De slotsom is dat grief I slaagt. Al Hoceima heeft in eerste aanleg noch in hoger beroep inhoudelijk bestreden dat zij het door Maya Food gevorderde bedrag van de facturen, de buitengerechtelijk incassokosten en de daarover gevorderde rente verschuldigd is. Het vonnis waarvan beroep zal deels worden vernietigd en de vordering van Maya Food zal alsnog worden toegewezen, tot een bedrag van € 38.007,18 (€ 36.863,54 + € 1.143,64) te vermeerderen met de wettelijke rente vanaf de dag van de dagvaarding in eerste aanleg, te weten 3 februari 2014.
2.10.
In het tussenarrest van 6 oktober 2015 is reeds overwogen dat en waarom grief II faalt.
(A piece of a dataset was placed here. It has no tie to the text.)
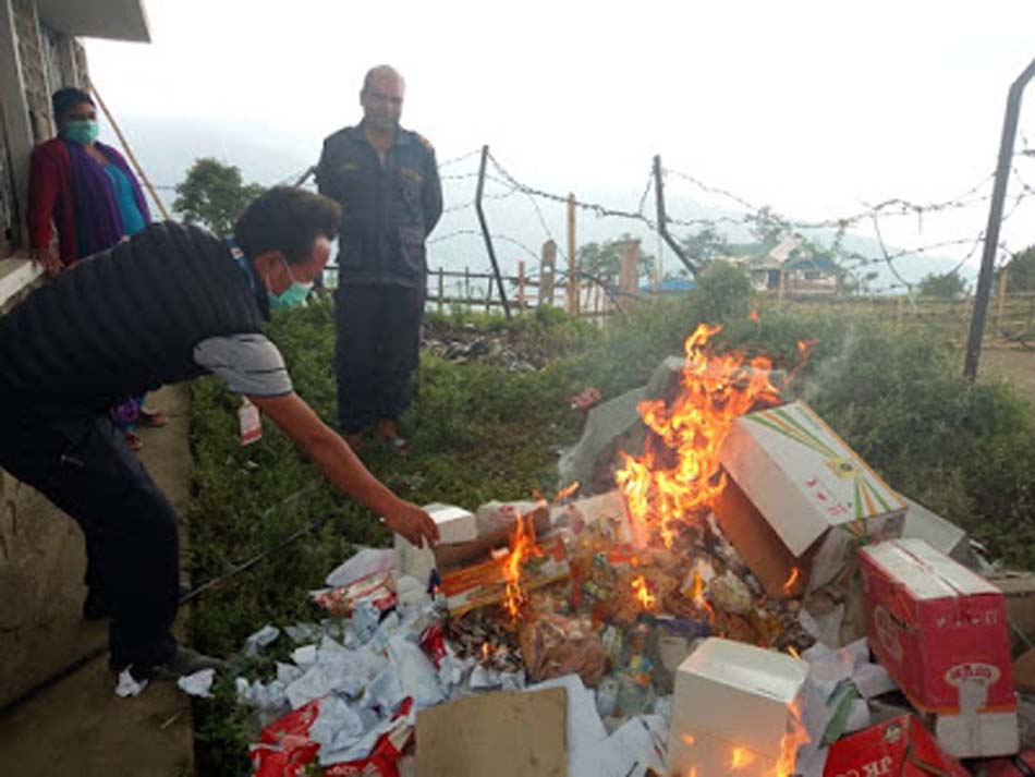 बरामद गरिएको अखाद्य वस्तु प्रमुख प्रशासकीय अधिकृत मगर, सामाजिक विकास अधिकृत दुर्गबहादुर राई, इलाका प्रहरी कार्यालय मात्तिमका प्रमुख शम्भुप्रसाद पौडेल, स्वास्थ्य शाखा संयोजक रिता ढकाल, उद्योग वाणिज्य सङ्घ शाखा कार्यालय साकेला गाउँपालिकाका अध्यक्ष चन्द्रबहादुर कटवाल लगायतको रोहबरमा जलाएर नष्ट गरिएको छ ।

Nu partijen aldus over en weer in het ongelijk worden gesteld zal het hof de proceskosten in eerste aanleg en in hoger beroep compenseren.

4.Beslissing

Het hof:
vernietigt het tussen partijen gewezen vonnis van 5 november 2014 waarvan beroep voor zover daarbij de vordering van Maya Food tot betaling van haar facturen en de buitengerechtelijke incassokosten is afgewezen en Maya Food in de proceskosten is veroordeeld;
en in zoverre opnieuw rechtdoende:
veroordeelt Al Hoceima tot betaling aan Maya Food van € 38.007,18, te vermeerderen met de wettelijke rente vanaf 3 februari 2014 tot aan de dag van de betaling;
bepaalt dat elk van partijen de eigen proceskosten in eerste aanleg dient te dragen;
bekrachtig het vonnis waarvan beroep voor het overige;
bepaalt dat elk van partijen de eigen proceskosten in hoger beroep dient te dragen.
Dit arrest is gewezen door mrs. A.W.H. Vink, J.C.W. Rang en J.E. Molenaar en door de rolraadsheer in het openbaar uitgesproken op 18 oktober 2016.